## What you will do
Begin at the line below that holds "281k | Boulder" and end at the line that holds "Rare First Lady", transcribing each line exactly and skipping any picture.

## The input
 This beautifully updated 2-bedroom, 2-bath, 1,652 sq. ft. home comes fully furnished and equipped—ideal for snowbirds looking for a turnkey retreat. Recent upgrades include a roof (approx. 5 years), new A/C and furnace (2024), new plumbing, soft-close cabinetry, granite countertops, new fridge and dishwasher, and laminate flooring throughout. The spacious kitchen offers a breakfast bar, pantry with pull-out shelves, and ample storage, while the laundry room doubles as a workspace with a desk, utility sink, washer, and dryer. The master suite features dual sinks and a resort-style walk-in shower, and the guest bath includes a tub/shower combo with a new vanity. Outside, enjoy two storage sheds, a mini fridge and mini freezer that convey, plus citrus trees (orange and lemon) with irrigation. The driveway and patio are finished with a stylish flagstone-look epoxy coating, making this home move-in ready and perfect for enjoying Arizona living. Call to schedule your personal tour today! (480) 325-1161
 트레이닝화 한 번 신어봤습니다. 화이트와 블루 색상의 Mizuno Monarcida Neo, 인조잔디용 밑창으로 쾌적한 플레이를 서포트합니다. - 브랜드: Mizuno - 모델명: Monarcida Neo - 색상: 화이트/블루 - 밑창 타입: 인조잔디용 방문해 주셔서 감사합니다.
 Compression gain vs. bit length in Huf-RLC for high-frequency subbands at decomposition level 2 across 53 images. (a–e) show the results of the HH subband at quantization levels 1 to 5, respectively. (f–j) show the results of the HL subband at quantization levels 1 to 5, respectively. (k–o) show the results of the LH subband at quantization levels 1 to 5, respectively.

--

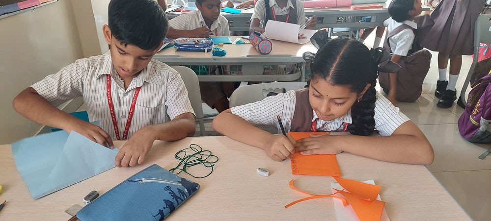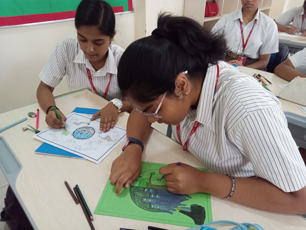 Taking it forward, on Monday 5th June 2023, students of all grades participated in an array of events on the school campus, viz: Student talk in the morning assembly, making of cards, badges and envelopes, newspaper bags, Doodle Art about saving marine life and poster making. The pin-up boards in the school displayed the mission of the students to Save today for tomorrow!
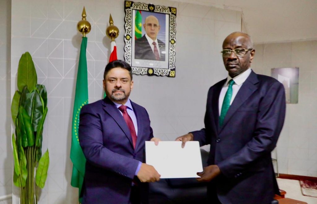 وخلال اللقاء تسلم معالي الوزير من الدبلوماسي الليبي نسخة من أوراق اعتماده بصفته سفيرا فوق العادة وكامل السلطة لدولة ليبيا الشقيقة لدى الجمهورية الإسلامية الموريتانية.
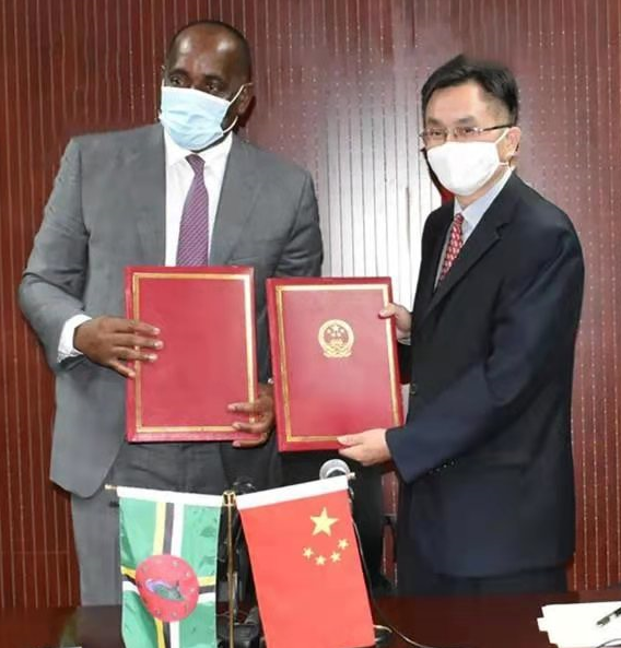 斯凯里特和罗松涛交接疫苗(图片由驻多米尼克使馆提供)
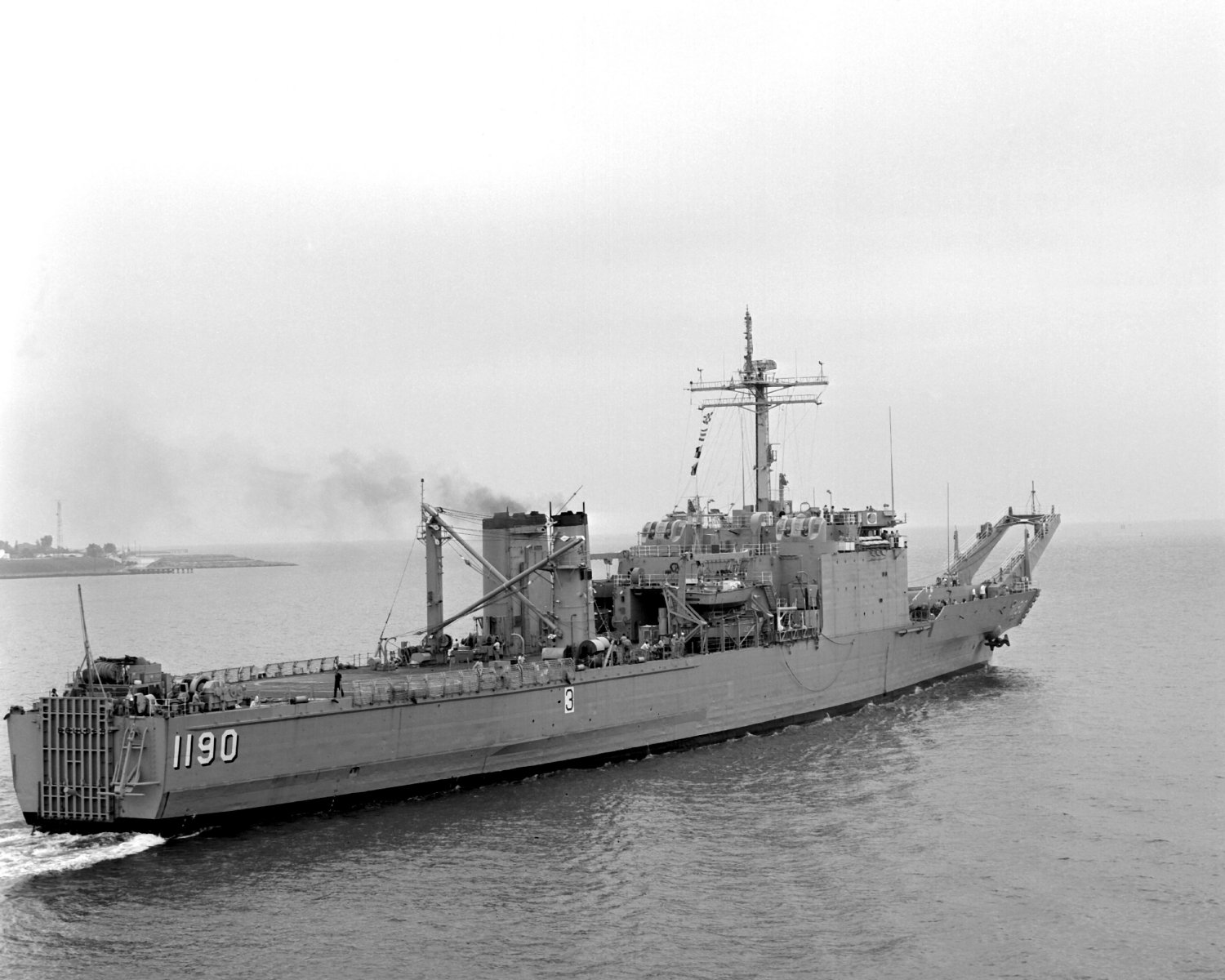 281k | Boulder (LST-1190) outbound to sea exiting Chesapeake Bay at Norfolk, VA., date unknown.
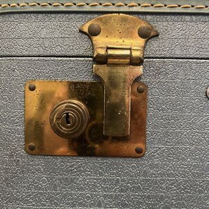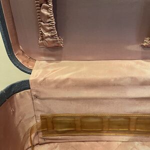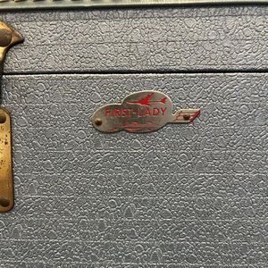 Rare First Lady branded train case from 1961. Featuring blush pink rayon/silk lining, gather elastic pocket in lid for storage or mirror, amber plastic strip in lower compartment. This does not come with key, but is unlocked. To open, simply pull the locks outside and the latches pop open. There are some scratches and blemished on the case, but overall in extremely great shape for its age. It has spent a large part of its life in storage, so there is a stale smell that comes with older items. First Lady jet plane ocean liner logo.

## Exercise answer
 281k | Boulder (LST-1190) outbound to sea exiting Chesapeake Bay at Norfolk, VA., date unknown.
 Rare First Lady branded train case from 1961. Featuring blush pink rayon/silk lining, gather elastic pocket in lid for storage or mirror, amber plastic strip in lower compartment. This does not come with key, but is unlocked. To open, simply pull the locks outside and the latches pop open. There are some scratches and blemished on the case, but overall in extremely great shape for its age. It has spent a large part of its life in storage, so there is a stale smell that comes with older items. First Lady jet plane ocean liner logo.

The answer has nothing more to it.